EXERCISE BRIEF:
Further down are entries; set down exactly and only the lines from the one with "girl masturbates with" up to and including the one with "KOSMO – RABU, 30", dropping each picture.

DATA EXTRACT:
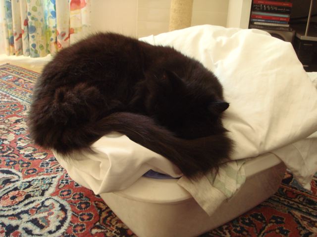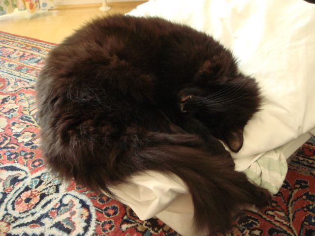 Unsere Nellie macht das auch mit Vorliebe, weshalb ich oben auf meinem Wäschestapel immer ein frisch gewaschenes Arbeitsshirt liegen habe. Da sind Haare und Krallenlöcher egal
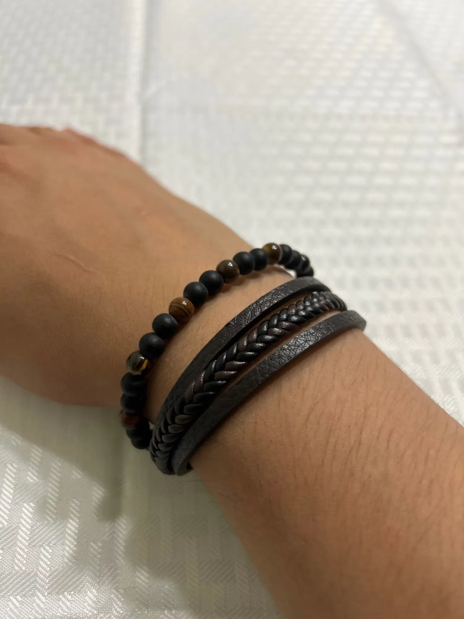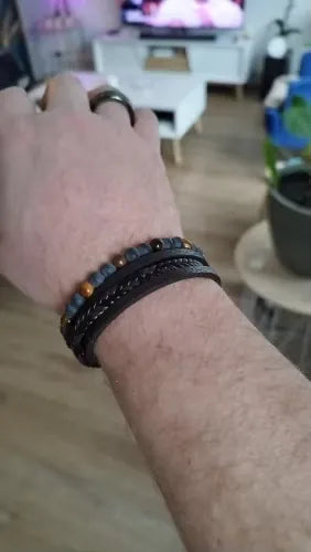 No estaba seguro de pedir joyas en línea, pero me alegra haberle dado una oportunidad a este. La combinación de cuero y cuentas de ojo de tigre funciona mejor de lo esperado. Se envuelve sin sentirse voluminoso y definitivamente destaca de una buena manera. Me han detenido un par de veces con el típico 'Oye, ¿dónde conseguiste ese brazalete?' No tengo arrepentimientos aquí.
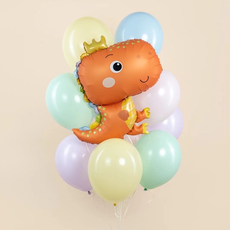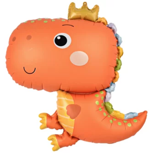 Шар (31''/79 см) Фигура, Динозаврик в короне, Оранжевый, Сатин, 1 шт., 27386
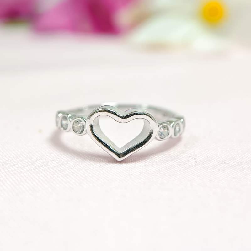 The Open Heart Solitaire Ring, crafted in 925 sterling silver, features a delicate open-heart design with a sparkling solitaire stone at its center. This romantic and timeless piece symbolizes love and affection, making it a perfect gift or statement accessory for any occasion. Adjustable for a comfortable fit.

---

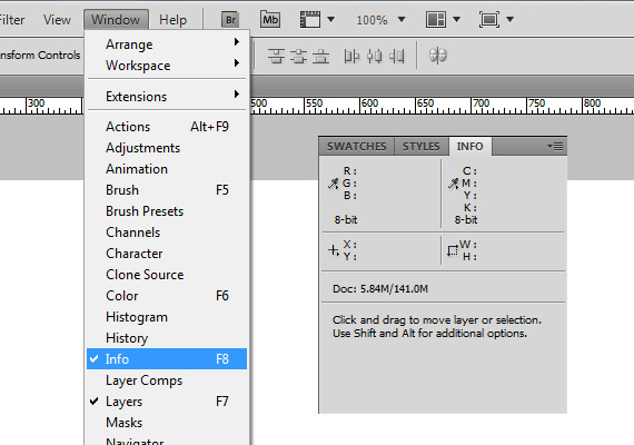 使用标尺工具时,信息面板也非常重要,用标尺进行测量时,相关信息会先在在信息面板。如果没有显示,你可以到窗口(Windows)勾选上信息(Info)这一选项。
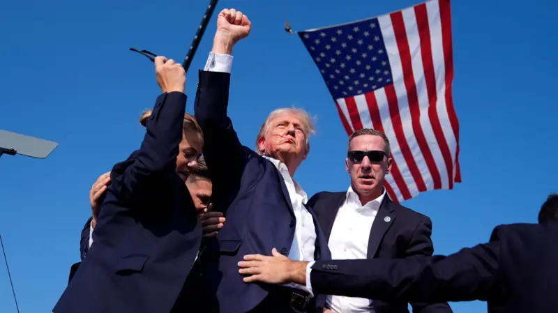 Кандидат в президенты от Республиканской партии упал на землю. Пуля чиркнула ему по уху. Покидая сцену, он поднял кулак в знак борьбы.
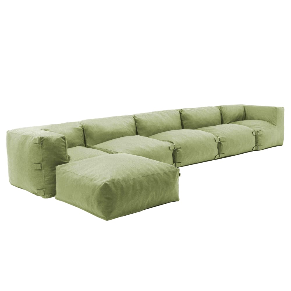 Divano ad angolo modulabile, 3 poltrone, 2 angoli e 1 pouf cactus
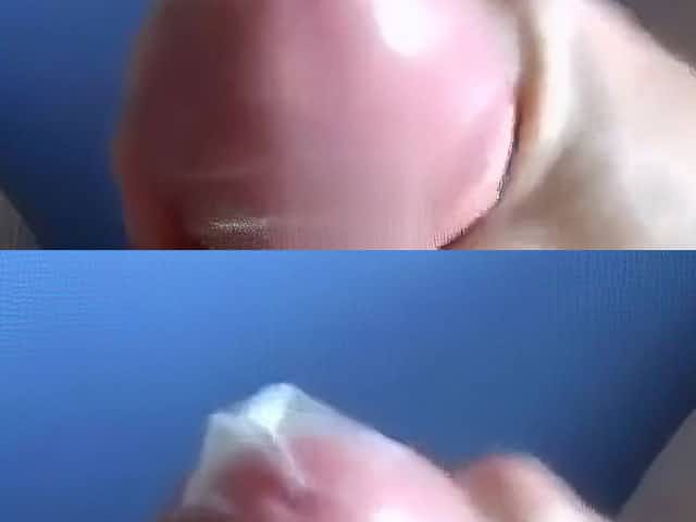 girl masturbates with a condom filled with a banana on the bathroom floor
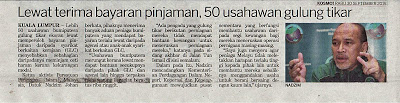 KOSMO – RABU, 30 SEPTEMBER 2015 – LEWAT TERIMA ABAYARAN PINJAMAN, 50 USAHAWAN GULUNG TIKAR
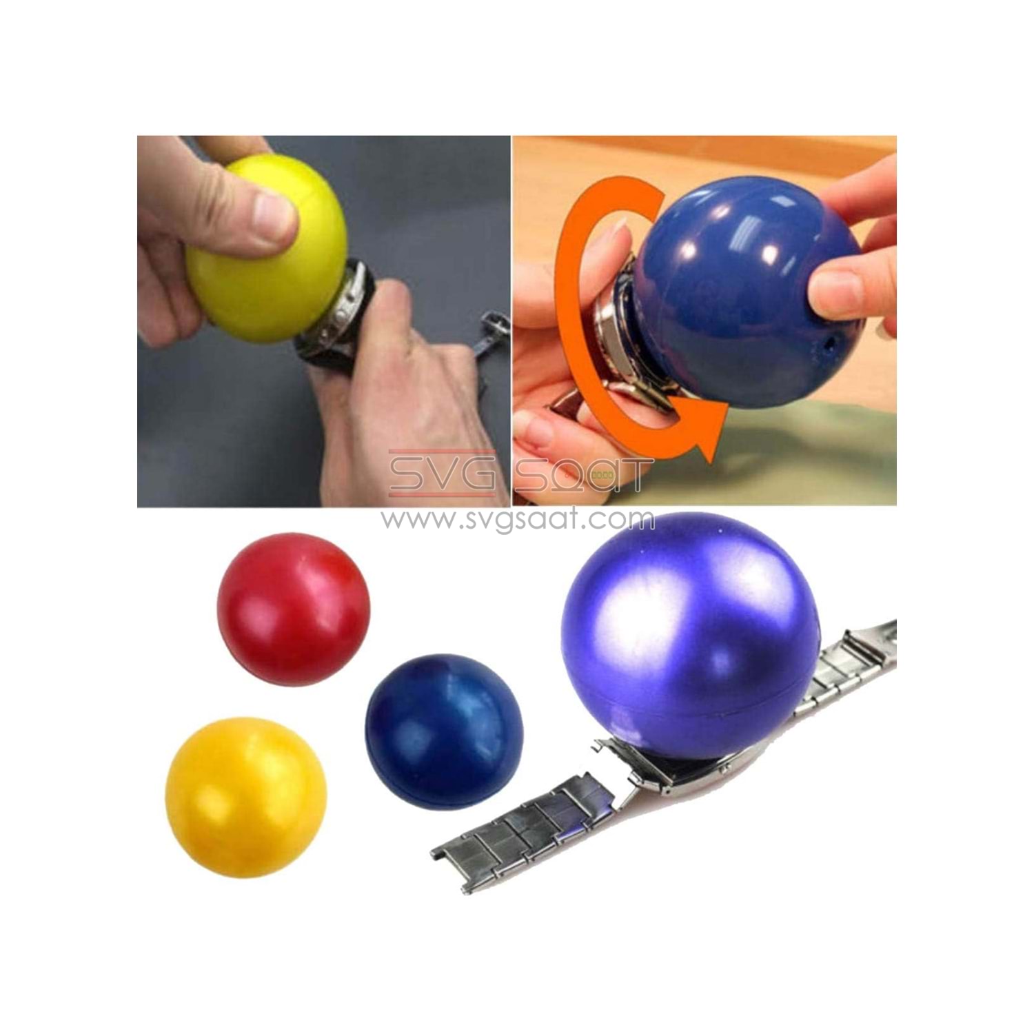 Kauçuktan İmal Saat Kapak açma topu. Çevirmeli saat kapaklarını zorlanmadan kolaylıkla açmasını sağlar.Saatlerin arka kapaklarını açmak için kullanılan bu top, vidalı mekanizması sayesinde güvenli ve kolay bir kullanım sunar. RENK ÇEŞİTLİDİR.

RESULT BELOW:
 girl masturbates with a condom filled with a banana on the bathroom floor
 KOSMO – RABU, 30 SEPTEMBER 2015 – LEWAT TERIMA ABAYARAN PINJAMAN, 50 USAHAWAN GULUNG TIKAR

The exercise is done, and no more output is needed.